In practice, the advertised bandwidth is not always reliably available to the
customer; ISPs often allow a greater number of subscribers than their backbone
connection can handle, under the assumption that most users will not be using
their full connection capacity very frequently. This aggregation strategy works
more often than not, so users can typically burst to their full bandwidth most
of the time; however,
peer-to-peer file
sharing systems, often requiring extended durations of high bandwidth,
stress these assumptions, and can cause major problems for ISPs who have
excessively overbooked their capacity. For more on this topic, see network traffic engineering. As takeup for these introductory products
increases, telcos are starting to offer higher bit rate services. For existing
connections, this most of the time simply involves reconfiguring the existing
equipment at each end of the connection.
As the
bandwidth delivered to end-users increases, the market expects that video on demand services streamed over the Internet will become more
popular, though at the present time such services generally require specialised
networks. The data rates on most broadband services still do not suffice to
provide good quality video, as MPEG-2 quality
video requires about 6 Mbit/s for good results. Adequate video for some purposes
becomes possible at lower data rates, with rates of 768 kbit/s and 384 kbit/s
used for some video conferencing applications. The MPEG-4 format
delivers high-quality video at 2 Mbit/s, at the high end of
cable
modem and
ADSL performance. The
Ogg Tarkin
format is intended to deliver similar performance.
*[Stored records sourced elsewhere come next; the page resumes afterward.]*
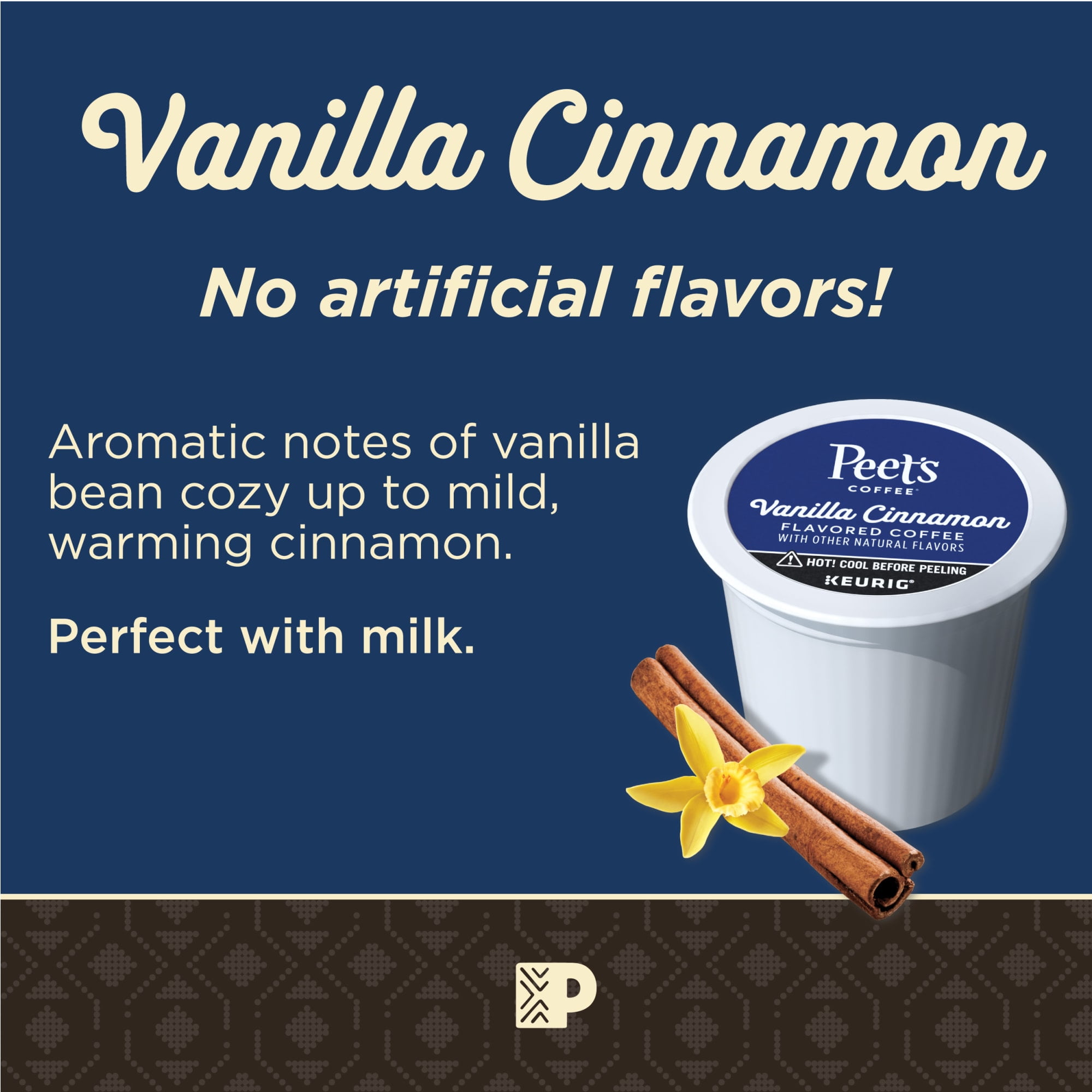 - Contains one (1) Boxes of 22 K-Cup pods of Peet’s Vanilla Cinnamon flavored coffee.
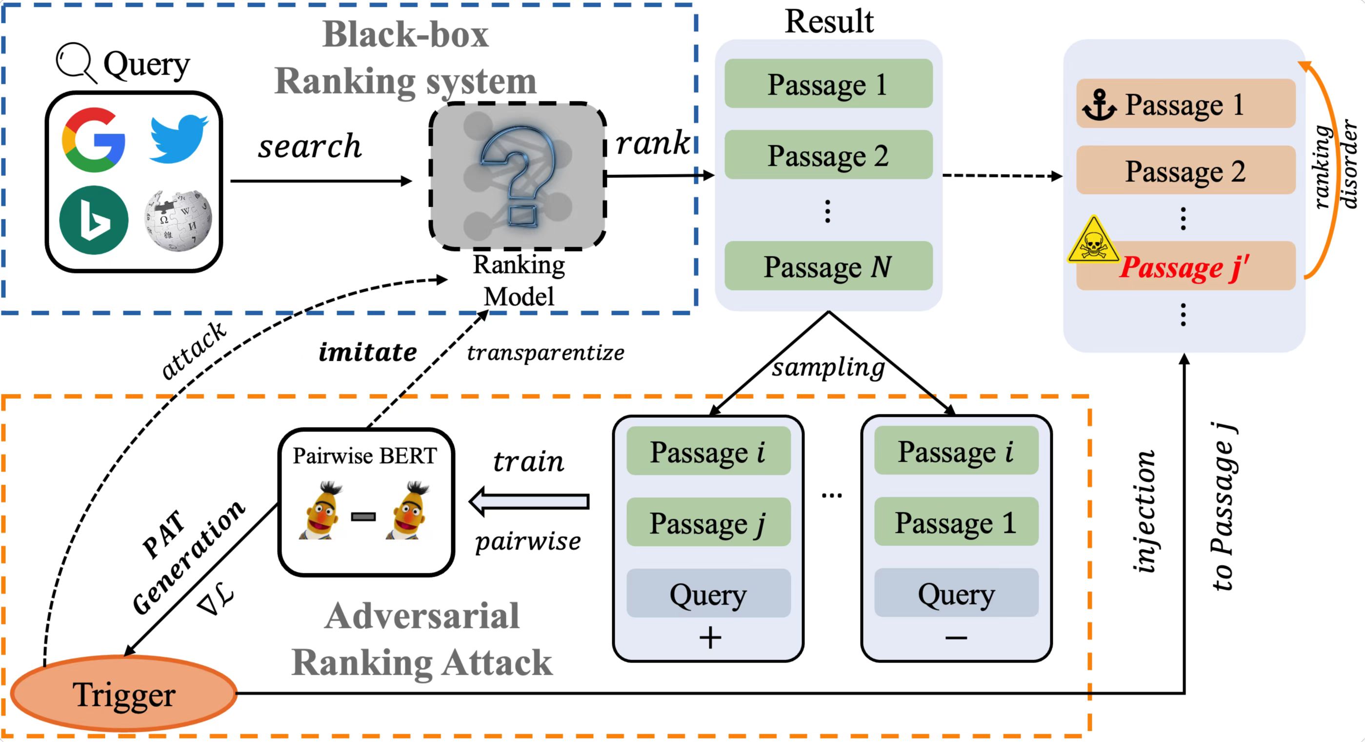 随着基于Transformer的BERT等预训练模型的提出和广泛应用,经过深度预训练和微调的Transformer在众多文本排序任务中取得了最优越的性能。然而,神经排序模型继承了神经网络的对抗性弱点,即一个小的故意的扰动(例如,图像上的一些像素变化、文本中几个字符的改变)可能会引发预测结果的极大变化,这种弱点可能被用作搜索引擎毒化、观点引导等。先前的对抗排序攻击主要集中在基于深度图像排序系统、文本分类和机器翻译系统上,而深度文本排序模型的漏洞尚未得到较多探索。此外,真实场景下的排序系统禁止任何形式的白盒访问,黑盒攻击更能揭示贴近实际的排序系统漏洞。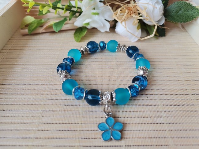Bracelet sur fil élastique avec perles en verre givré et tréfilé de couleur bleu de 10 mm, perles en verre à facettes de 8 x 6 mm avec apprêts de couleur argent mat et breloque fleur bleu émail

Increased bandwidth has already made an impact on newsgroups:
postings to groups such as alt.binaries.* have grown from JPEG images to
entire
CD and DVD
images. According to NTL,
the level of traffic on their network increased from a daily inbound news feed
of 150 gigabytes of data per day and 1 terabyte of data out each day in 2001 to
500 gigabytes of data inbound and over 4 terabytes out each day in 2002.